Downstairs in the kitchen the housekeeper, Alma Driscoll, was busy with her chores and at the same time chatting amiably to her uncle, Matt Bateman. Matt was sitting at the table, finishing off the substantial snackmeal Alma had set before him.

He was a retired labourer living alone in a tiny cottage half a mile along the road to Abberley village. He had never married, had never seen much good come of it, nothing but loss of freedom and general aggravation. He dropped in at the Lynwood kitchen most days, to see his niece, drink a cup of tea, have a bite to eat. And cast his sharp eye round for any little unwanted trifles that might be doing nobody any good just lying about, but might come in very handy at his little cottage.

Alma rinsed out the teapot and set it down on a shelf. The room was large, with what had once been a butler’s pantry opening off it.

Vera’s parents had had the house modernized when they moved into it immediately after their marriage. Gerald Foster had caused further substantial improvements to be carried out after his own marriage. Vera would have been quite happy if he had left the house as it was; she would have felt that this enshrined her father’s memory.

But she was pleased all the same when the improvements were carried out. She appreciated the new comfort and convenience even if her nature didn’t allow her to open her mouth and say so.

Alma picked up the teacups from the table and carried them to the sink. She was a plump, cheerful-looking woman in her middle thirties. She had married once and lived to regret it. She was now a resolute divorcée amusing herself when and where she chose.

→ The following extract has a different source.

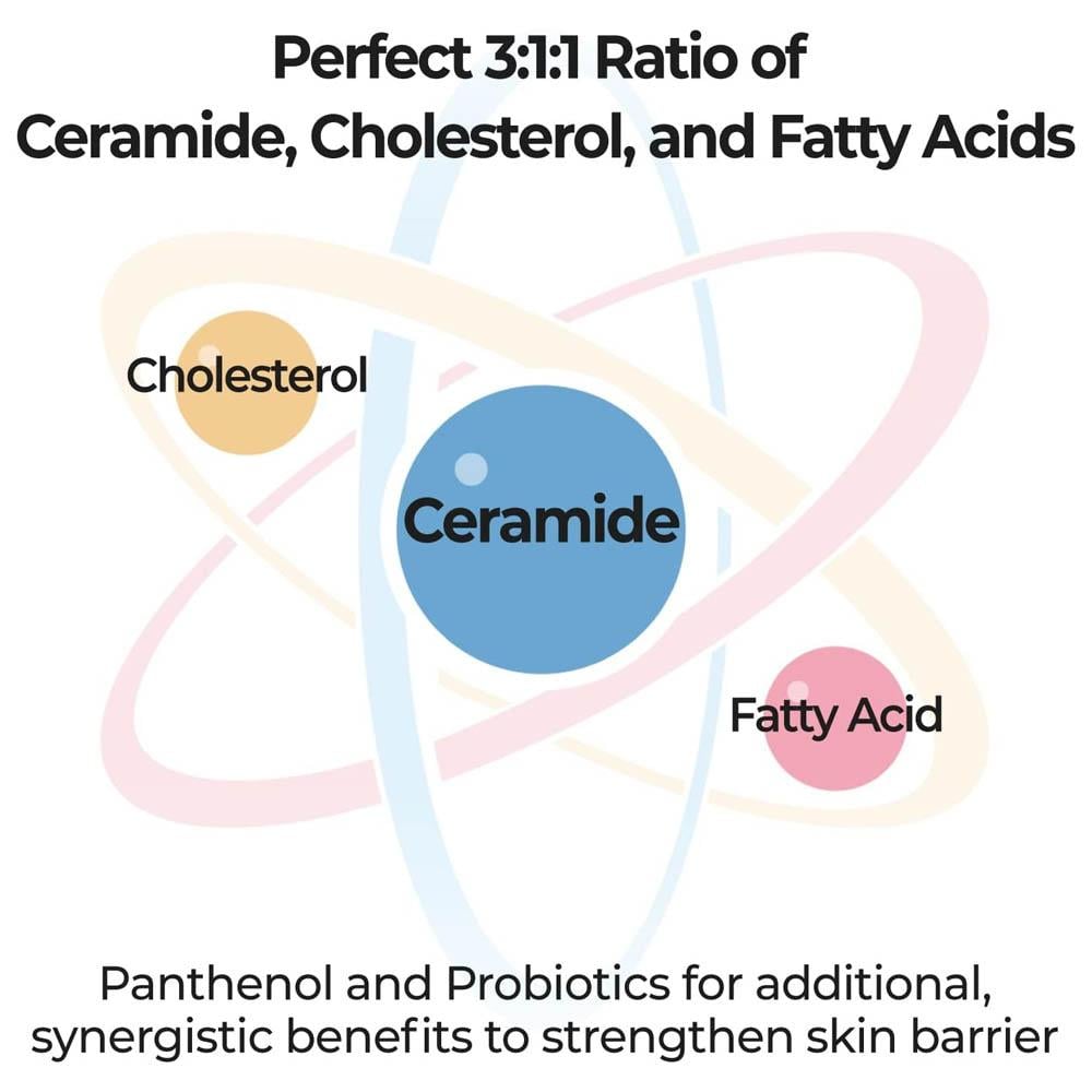 Strengthening the skin barrier The serum contains a blend of ceramides, cholesterol, and fatty acids in a ratio of 3:1:1, which enhances the strength of the skin barrier and protects it from harmful environmental factors.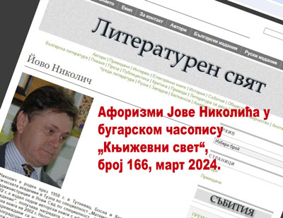 Афоризми Јове Николића у бугарском часопису „Књижевни свет“ Objavljeno 12. marta 2024.12. marta 2024. autor: humorisatira Posted in Uncategorized „Књижевни свет“,број 166, март 2024. Превод: Валентин Димитров „Књижевни свет“ Биографија Ј. Николића „Књижевни свет“ Афоризми Ј. Николића Podeli ovo: Click to share on X(Otvara se u novom prozoru) X Kliknite da podelite na Facebook-u(Otvara se u novom prozoru) Fejsbuk Sviđa mi se Učitavanje... Сродно

She glanced up at the clock. ‘Time you were taking yourself off,’ she said to her uncle with pleasant firmness.

He got to his feet. There was one further benefit from his visit that he intended to have.

‘I’ll just have a word with the gaffer,’ he said easily. ‘About the firewood.’ There was a beautiful lot of wood lying along the edge of the Lynwood shrubbery where the jobbing gardener, Ned Pritchard, had piled it two days ago.

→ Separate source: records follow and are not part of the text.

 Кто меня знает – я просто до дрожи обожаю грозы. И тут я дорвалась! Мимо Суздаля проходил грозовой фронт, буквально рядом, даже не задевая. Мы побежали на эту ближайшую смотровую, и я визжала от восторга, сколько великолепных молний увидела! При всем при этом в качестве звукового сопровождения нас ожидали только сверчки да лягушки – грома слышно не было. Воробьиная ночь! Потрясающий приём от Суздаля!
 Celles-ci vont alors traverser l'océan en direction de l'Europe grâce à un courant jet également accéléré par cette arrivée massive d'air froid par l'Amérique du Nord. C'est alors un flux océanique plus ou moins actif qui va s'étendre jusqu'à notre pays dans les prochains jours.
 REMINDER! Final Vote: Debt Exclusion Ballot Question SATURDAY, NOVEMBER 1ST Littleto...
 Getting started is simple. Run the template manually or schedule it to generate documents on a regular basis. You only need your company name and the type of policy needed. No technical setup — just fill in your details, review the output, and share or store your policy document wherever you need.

Matt had marked the wood for his own. It would burn very nicely in the kitchen of his little cottage.

‘You certainly will not ask Mr Foster about the firewood,’ Alma said. ‘I won’t have any kin of mine coming here cadging.’

She saw nothing amiss in diverting a certain amount of Mr Foster’s food and drink towards her uncle in the course of his frequent calls at Lynwood. That was straightforward perks and nothing to be ashamed of.

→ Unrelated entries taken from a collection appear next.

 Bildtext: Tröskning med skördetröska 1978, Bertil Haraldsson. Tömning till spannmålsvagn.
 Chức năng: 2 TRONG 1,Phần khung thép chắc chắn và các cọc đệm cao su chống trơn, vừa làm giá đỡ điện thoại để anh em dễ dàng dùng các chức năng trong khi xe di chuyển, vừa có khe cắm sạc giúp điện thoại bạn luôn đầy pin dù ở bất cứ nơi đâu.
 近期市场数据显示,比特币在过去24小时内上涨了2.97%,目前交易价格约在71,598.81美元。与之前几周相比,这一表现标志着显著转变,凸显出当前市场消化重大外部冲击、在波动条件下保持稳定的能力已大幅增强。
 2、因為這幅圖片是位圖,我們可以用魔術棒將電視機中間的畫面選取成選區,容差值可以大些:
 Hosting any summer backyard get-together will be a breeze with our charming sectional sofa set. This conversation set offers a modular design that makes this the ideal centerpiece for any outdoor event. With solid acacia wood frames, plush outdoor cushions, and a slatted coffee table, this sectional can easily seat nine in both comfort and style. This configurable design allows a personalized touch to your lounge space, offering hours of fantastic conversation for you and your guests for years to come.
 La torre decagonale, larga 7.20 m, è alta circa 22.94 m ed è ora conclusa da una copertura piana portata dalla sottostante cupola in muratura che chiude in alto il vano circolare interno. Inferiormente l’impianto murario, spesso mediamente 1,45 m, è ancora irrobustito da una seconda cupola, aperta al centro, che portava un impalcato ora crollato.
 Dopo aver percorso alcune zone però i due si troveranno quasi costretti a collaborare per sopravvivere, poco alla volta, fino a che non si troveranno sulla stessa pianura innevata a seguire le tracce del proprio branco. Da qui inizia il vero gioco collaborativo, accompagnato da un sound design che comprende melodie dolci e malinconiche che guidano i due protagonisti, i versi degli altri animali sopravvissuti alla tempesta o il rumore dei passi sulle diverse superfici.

And she made no secret of the pie or spiced fruit-loaf that she carried in her basket when she called in at Matt’s cottage. But that was quite definitely as far as she would

‘Miss Vera wouldn’t mind if I had the wood,’ Matt said. ‘Her Dad would have let me have it if he was still alive. A fine old gentleman, Mr Murdoch, I always got on well with him.’

‘And Mr Foster’s a first-class employer,’ Alma retorted. ‘I get on well with him. And I mean to keep on getting on well with him. You’re not asking him for that wood.’

‘Ned Pritchard’ll have it if I don’t,’ Matt said with resigned protest.

‘That’s up to Mr Foster. It’s his wood, he can do what he pleases with it.’

Matt pulled on his jacket with its deep and well-used pockets not immediately visible to the questioning eye. He picked up his cup.

‘Now mind,’ Alma said as he opened the door. ‘One word about that wood and you’ll have me to reckon with.’

‘I shan’t say anything.’ He’d already set his mind on another and equally fertile source of free fuel. No need to mention the fact to Alma. She was a dear girl but she did go on a bit.

‘You’ll be looking in at the cottage this afternoon?’ he asked.